ASSIGNED TASK
Print all of the entries exactly, minus the pictures.

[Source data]
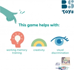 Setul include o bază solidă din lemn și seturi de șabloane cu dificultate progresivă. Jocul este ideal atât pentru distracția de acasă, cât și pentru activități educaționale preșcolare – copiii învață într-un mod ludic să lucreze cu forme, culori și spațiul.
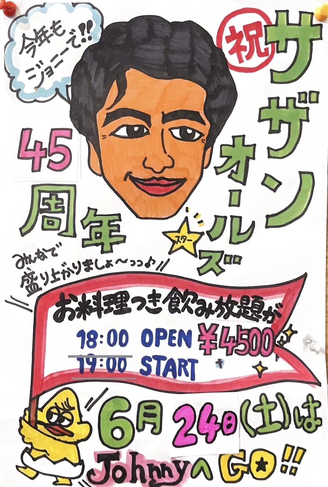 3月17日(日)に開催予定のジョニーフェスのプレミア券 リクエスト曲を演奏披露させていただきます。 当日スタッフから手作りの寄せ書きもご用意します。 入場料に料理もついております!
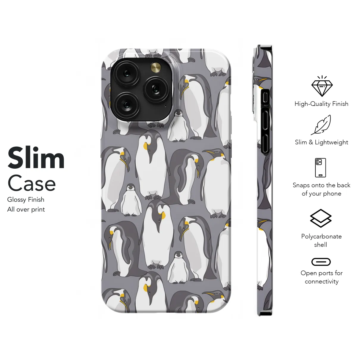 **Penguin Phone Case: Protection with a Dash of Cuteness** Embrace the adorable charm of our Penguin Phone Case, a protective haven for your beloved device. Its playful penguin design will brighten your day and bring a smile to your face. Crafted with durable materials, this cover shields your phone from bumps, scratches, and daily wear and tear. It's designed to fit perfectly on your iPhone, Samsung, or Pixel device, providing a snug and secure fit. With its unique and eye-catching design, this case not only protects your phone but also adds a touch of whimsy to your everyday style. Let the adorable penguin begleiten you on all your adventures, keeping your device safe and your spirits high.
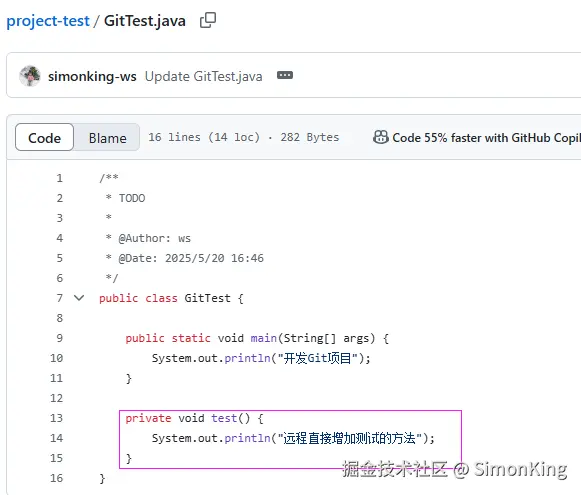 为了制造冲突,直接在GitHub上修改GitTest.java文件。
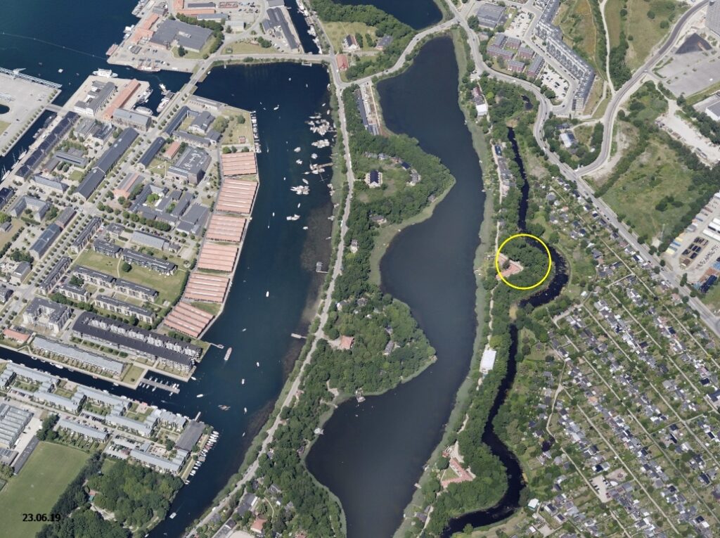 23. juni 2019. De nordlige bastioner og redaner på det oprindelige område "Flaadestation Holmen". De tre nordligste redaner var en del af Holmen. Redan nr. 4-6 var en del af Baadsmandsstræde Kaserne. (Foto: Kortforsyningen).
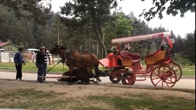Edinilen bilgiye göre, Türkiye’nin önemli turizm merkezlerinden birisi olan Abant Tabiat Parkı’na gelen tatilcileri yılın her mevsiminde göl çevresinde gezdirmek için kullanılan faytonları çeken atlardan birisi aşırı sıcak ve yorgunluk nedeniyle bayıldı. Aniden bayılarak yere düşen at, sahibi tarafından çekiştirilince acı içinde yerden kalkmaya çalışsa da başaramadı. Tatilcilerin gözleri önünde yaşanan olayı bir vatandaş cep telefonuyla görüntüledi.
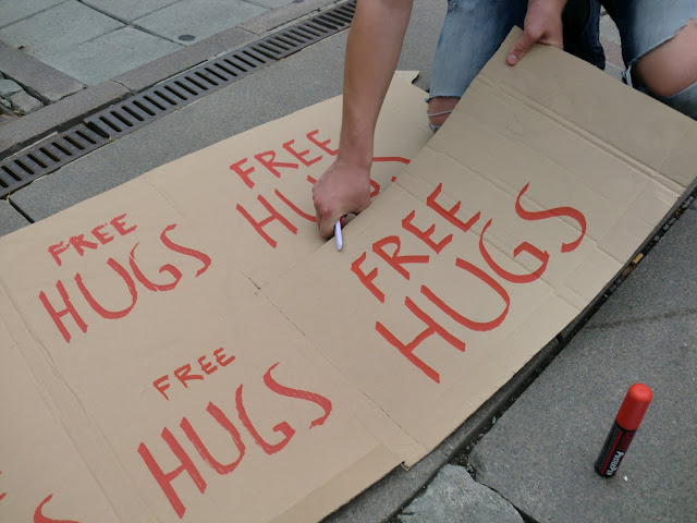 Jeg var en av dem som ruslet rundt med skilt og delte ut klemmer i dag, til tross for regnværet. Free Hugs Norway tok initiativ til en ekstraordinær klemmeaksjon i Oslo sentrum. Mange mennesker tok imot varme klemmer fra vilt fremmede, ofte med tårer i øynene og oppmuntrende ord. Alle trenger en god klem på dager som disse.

SOLUTION FOR THIS PROBLEM
 Setul include o bază solidă din lemn și seturi de șabloane cu dificultate progresivă. Jocul este ideal atât pentru distracția de acasă, cât și pentru activități educaționale preșcolare – copiii învață într-un mod ludic să lucreze cu forme, culori și spațiul.
 3月17日(日)に開催予定のジョニーフェスのプレミア券 リクエスト曲を演奏披露させていただきます。 当日スタッフから手作りの寄せ書きもご用意します。 入場料に料理もついております!
 **Penguin Phone Case: Protection with a Dash of Cuteness** Embrace the adorable charm of our Penguin Phone Case, a protective haven for your beloved device. Its playful penguin design will brighten your day and bring a smile to your face. Crafted with durable materials, this cover shields your phone from bumps, scratches, and daily wear and tear. It's designed to fit perfectly on your iPhone, Samsung, or Pixel device, providing a snug and secure fit. With its unique and eye-catching design, this case not only protects your phone but also adds a touch of whimsy to your everyday style. Let the adorable penguin begleiten you on all your adventures, keeping your device safe and your spirits high.
 为了制造冲突,直接在GitHub上修改GitTest.java文件。
 23. juni 2019. De nordlige bastioner og redaner på det oprindelige område "Flaadestation Holmen". De tre nordligste redaner var en del af Holmen. Redan nr. 4-6 var en del af Baadsmandsstræde Kaserne. (Foto: Kortforsyningen).
Edinilen bilgiye göre, Türkiye’nin önemli turizm merkezlerinden birisi olan Abant Tabiat Parkı’na gelen tatilcileri yılın her mevsiminde göl çevresinde gezdirmek için kullanılan faytonları çeken atlardan birisi aşırı sıcak ve yorgunluk nedeniyle bayıldı. Aniden bayılarak yere düşen at, sahibi tarafından çekiştirilince acı içinde yerden kalkmaya çalışsa da başaramadı. Tatilcilerin gözleri önünde yaşanan olayı bir vatandaş cep telefonuyla görüntüledi.
 Jeg var en av dem som ruslet rundt med skilt og delte ut klemmer i dag, til tross for regnværet. Free Hugs Norway tok initiativ til en ekstraordinær klemmeaksjon i Oslo sentrum. Mange mennesker tok imot varme klemmer fra vilt fremmede, ofte med tårer i øynene og oppmuntrende ord. Alle trenger en god klem på dager som disse.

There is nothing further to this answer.